DATA FOR THIS TASK>
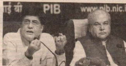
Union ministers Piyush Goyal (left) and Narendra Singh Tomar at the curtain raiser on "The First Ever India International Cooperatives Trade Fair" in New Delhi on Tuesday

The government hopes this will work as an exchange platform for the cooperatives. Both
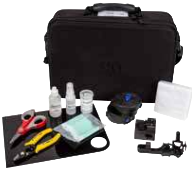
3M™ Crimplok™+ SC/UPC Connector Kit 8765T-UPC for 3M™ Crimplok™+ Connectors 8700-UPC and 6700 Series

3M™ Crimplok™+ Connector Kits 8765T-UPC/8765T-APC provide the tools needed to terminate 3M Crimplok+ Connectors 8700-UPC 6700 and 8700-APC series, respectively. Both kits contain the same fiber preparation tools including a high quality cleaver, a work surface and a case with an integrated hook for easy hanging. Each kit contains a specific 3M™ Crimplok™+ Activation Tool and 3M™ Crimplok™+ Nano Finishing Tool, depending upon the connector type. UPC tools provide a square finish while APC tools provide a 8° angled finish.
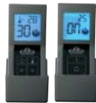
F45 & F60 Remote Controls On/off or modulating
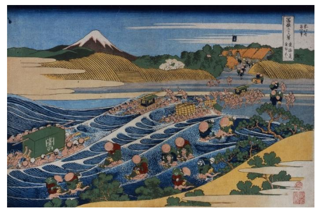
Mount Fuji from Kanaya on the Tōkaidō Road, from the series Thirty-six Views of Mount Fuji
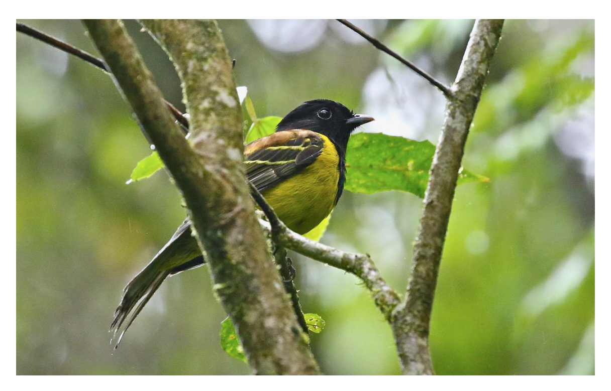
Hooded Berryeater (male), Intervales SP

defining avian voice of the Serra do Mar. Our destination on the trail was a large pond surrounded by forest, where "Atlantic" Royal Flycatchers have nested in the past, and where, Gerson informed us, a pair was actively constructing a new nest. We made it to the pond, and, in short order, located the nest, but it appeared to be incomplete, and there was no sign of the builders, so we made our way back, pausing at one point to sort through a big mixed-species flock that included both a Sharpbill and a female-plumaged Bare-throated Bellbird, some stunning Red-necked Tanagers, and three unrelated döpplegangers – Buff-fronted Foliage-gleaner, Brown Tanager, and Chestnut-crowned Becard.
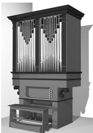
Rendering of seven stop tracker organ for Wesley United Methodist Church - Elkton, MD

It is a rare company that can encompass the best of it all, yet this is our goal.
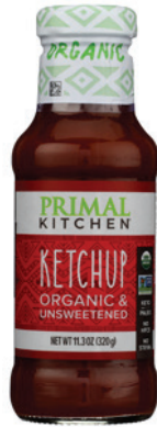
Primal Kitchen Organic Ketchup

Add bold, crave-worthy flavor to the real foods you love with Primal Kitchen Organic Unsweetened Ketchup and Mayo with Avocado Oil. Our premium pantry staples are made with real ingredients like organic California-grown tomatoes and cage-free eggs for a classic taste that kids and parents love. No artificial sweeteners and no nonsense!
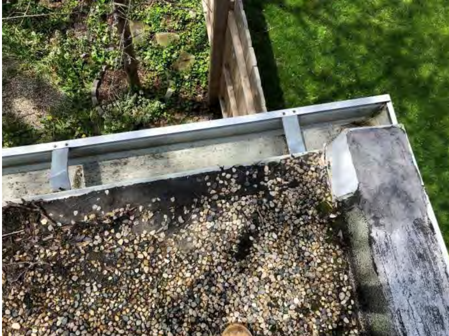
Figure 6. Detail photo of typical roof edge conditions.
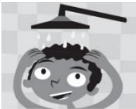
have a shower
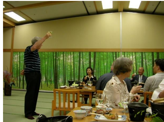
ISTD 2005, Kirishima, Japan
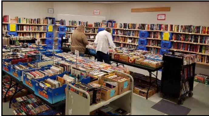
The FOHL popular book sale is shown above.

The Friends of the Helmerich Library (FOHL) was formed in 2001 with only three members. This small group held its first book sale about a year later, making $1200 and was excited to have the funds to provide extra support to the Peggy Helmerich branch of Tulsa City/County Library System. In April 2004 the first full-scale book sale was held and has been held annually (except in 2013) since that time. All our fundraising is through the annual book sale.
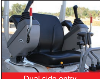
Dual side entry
--
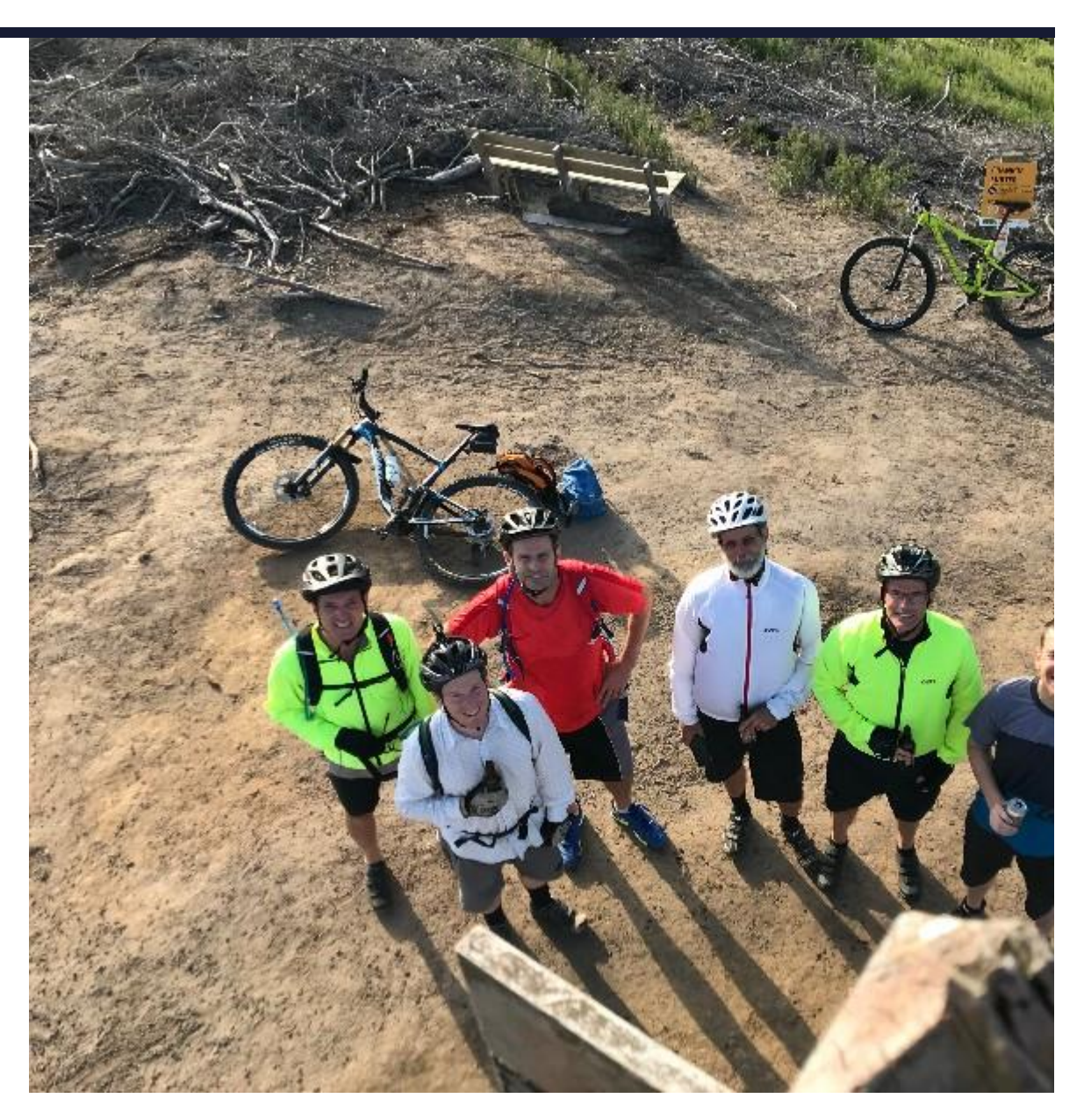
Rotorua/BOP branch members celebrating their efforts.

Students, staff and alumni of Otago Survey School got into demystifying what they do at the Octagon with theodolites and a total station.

PROBLEM DETAILS> Exact copy, pictures excluded: every line above from the one containing "Union ministers Piyush" to the one containing "Rendering of seven", inclusive, and nothing more.

WRITTEN ANSWER>
Union ministers Piyush Goyal (left) and Narendra Singh Tomar at the curtain raiser on "The First Ever India International Cooperatives Trade Fair" in New Delhi on Tuesday

The government hopes this will work as an exchange platform for the cooperatives. Both
3M™ Crimplok™+ SC/UPC Connector Kit 8765T-UPC for 3M™ Crimplok™+ Connectors 8700-UPC and 6700 Series

3M™ Crimplok™+ Connector Kits 8765T-UPC/8765T-APC provide the tools needed to terminate 3M Crimplok+ Connectors 8700-UPC 6700 and 8700-APC series, respectively. Both kits contain the same fiber preparation tools including a high quality cleaver, a work surface and a case with an integrated hook for easy hanging. Each kit contains a specific 3M™ Crimplok™+ Activation Tool and 3M™ Crimplok™+ Nano Finishing Tool, depending upon the connector type. UPC tools provide a square finish while APC tools provide a 8° angled finish.
F45 & F60 Remote Controls On/off or modulating
Mount Fuji from Kanaya on the Tōkaidō Road, from the series Thirty-six Views of Mount Fuji
Hooded Berryeater (male), Intervales SP

defining avian voice of the Serra do Mar. Our destination on the trail was a large pond surrounded by forest, where "Atlantic" Royal Flycatchers have nested in the past, and where, Gerson informed us, a pair was actively constructing a new nest. We made it to the pond, and, in short order, located the nest, but it appeared to be incomplete, and there was no sign of the builders, so we made our way back, pausing at one point to sort through a big mixed-species flock that included both a Sharpbill and a female-plumaged Bare-throated Bellbird, some stunning Red-necked Tanagers, and three unrelated döpplegangers – Buff-fronted Foliage-gleaner, Brown Tanager, and Chestnut-crowned Becard.
Rendering of seven stop tracker organ for Wesley United Methodist Church - Elkton, MD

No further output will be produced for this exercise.